Die Miete sei nach § 494 Abs. 2 i.V.m. 246 BGB auf den Betrag mit einem effektiven Zinsanteil in Höhe von 4 % herabzusetzen. Die Beklagte habe daher dem Kläger den für den 4% p.a. übersteigenden Zinsanteil gezahlten Mietbetrag zu erstatten.
§ 5 Abs. 6 des Mietvertrags sei nach § 309 Nr. 5 BGB und Nr. 6 unwirksam. Auch sei eine unangemessene Benachteiligung nach § 307 Abs. 2 Nr. 1 BGB gegeben, weil die Klausel von dem gesetzlichen Leitbild des § 543 BGB abweiche. Die Klausel sei auch ungewöhnlich und der Kläger habe mit ihr nicht rechnen brauchen, weshalb sie auch nah § 305c Abs. 1 BGB unwirksam sei.
Der Kläger hat zunächst hinsichtlich des Klageantrags zu 3) beantragt, festzustellen, dass die folgende Klausel in den Allgemeinen Geschäftsbedingungen der Beklagten zum unter Ziffer 1 genannten Mietvertrag gegenüber dem Kläger keine Wirkung entfaltet und unwirksam ist:
§ 5 Nr. 6 Für den Fall der Kündigung des Vertrages aufgrund vertragswidrigen Verhaltens des Kunden vereinbaren die Parteien einen pauschalierten Schadensersatz. Dieser entspricht 2.500,00 Euro pro kWp der vertragsgegenständlichen PV-Anlage. Die Höhe des pauschalierten Schadensersatzes verringert sich jährlich um 3 % der Höhe des ursprünglichen pauschalierten Schadensersatzes. Unternehmen behält sich ausdrücklich die Geltendmachung darüber hinausgehender Schadensersatzansprüche vor. Dem Grundstückseigentümer ist der Nachweis gestattet, dass kein oder ein wesentlich niedrigerer Schaden entstanden ist.‘‘
Mit Schriftsatz vom 29.01.2026 hat der Kläger unter Aufrechterhaltung seiner bisherigen Klageanträge zu 1) und zu 2) seinen Klageantrag zu 3) abschließend geändert.
Er beantragt nunmehr,
festzustellen, dass der monatliche Mietzinsanspruch der Beklagten gegen die Klägerseite für die PV-Anlage auf dem Gebäude Ort 1, Ort 2 aus dem Vertrag vom 04.05.2022 ab dem 01.06.2024 bis zur Beendigung des Vertrages von ursprünglich 124,95 € auf den Betrag von 64,83 € reduziert wird.

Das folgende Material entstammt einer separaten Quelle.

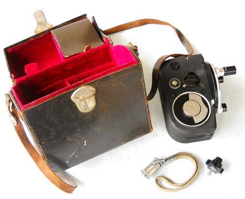 It comes complete in its original brown leather ARCO case with carry strap. It also has a screw in detachable hand carry strap and a tripod attachment screw.

die Beklagte zu verurteilen, an die Klägerseite einen Betrag in Höhe von 2.439,12 €, nebst Zinsen in Höhe von 5 Prozentpunkten über dem jeweiligen Basiszinssatz seit Rechtshängigkeit zu zahlen.

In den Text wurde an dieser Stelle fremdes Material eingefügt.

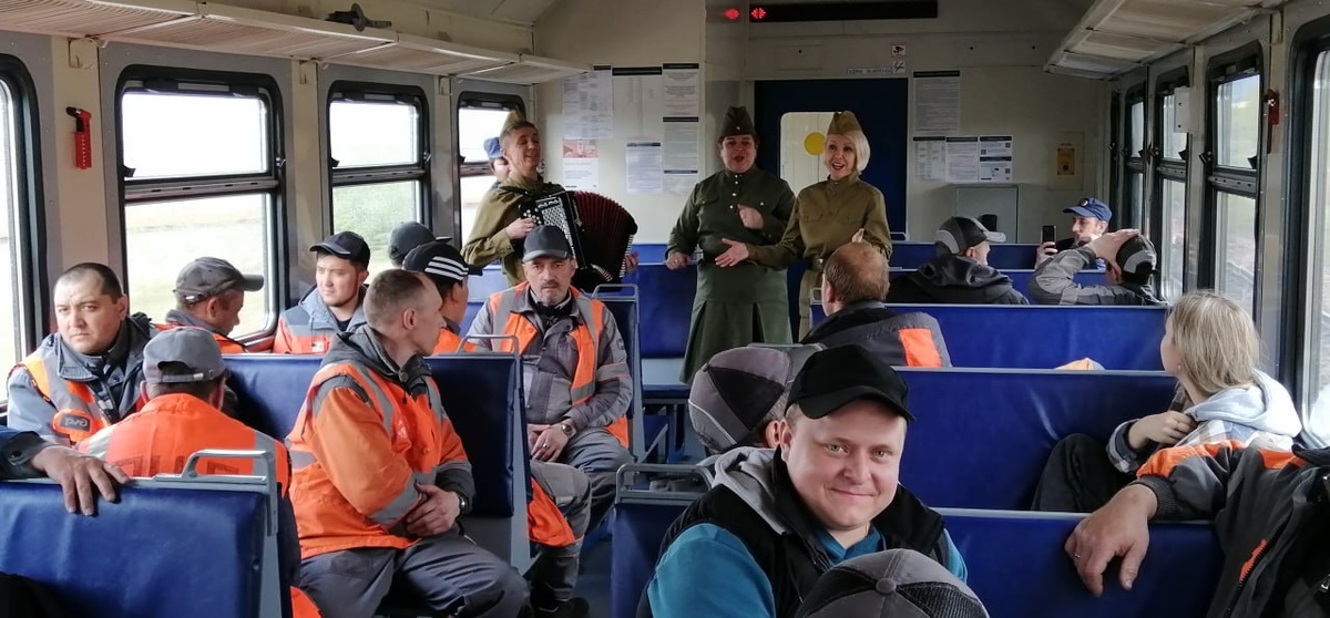 π ΠΠ»Ρ ΠΏΠ°ΡΡΠ°ΠΆΠΈΡΠΎΠ² ΡΠ»Π΅ΠΊΡΡΠΎΠΏΠΎΠ΅Π·Π΄Π° ΠΠ±Π°ΠΊΠ°Π½ β ΠΠΎΡΡΡΠ½ΠΈΠΊΠΎΠ²ΠΎ ΠΆΠ΅Π»Π΅Π·Π½ΠΎΠ΄ΠΎΡΠΎΠΆΠ½ΠΈΠΊΠΈ ΠΎΡΠ³Π°Π½ΠΈΠ·ΠΎΠ²Π°Π»ΠΈ ΡΠ΅ΠΌΠ°ΡΠΈΡΠ΅ΡΠΊΠΈΠΉ ΡΠ΅ΡΡΠΎ-ΠΊΠΎΠ½ΡΠ΅ΡΡ Π² ΡΠ΅ΡΡΡ 80-Π»Π΅ΡΠΈΡ ΠΠ΅Π»ΠΈΠΊΠΎΠΉ ΠΠΎΠ±Π΅Π΄Ρ. π ΠΠ° Π½Π΅ΡΠΊΠΎΠ»ΡΠΊΠΎ ΡΠ°ΡΠΎΠ² Π²Π°Π³ΠΎΠ½Ρ ΡΠ»Π΅ΠΊΡΡΠΈΡΠΊΠΈ ΠΏΡΠ΅Π²ΡΠ°ΡΠΈΠ»ΠΈΡΡ Π² ΡΡΠ΅Π½ΠΈΡΠ΅ΡΠΊΡΡ ΠΏΠ»ΠΎΡΠ°Π΄ΠΊΡ, Π³Π΄Π΅ Π°ΡΡΠΈΡΡΡ Π² ΠΎΠ±ΡΠ°Π·Π΅ ΡΡΠΎΠ½ΡΠΎΠ²ΠΎΠΉ Π°Π³ΠΈΡΠ±ΡΠΈΠ³Π°Π΄Ρ Π½Π°ΠΏΠΎΠΌΠΈΠ½Π°Π»ΠΈ ΠΎ ΠΌΡΠ·ΡΠΊΠ°Π»ΡΠ½ΡΡ

festzustellen, dass die Beklagte für den Fall der Kündigung des unter Ziff. 1 genannten Vertrages aufgrund eines vertragswidrigen Verhaltens der Klagepartei keinen Anspruch auf Zahlung eines pauschalierten Schadensersatz nach der in § 5 Nr.6 der Allgemeinen Geschäftsbedingungen zum Vertrag festgelegten Berechnungsweisen zusteht.
Die Beklagte beantragt,
die Klage abzuweisen.
Die Beklagte erhebt die Einrede der Verjährung.
Die Beklagte ist der Auffassung, dem Kläger stehe bei wirtschaftlicher Betrachtung ein Wahlrecht durchaus zu.
Bei der Entscheidung, ob er die Erwerbsoption ausüben möchte, sei berücksichtigen, dass er die PV-Anlage nach Ablauf ihrer Lebensdauer auf eigene Kosten zurückbauen müsste. Zusätzlich könnten Kosten für den technisch zulässigen Weiterbetrieb der PV-Anlage anfallen, die den verbleibenden Nutzen übersteigen.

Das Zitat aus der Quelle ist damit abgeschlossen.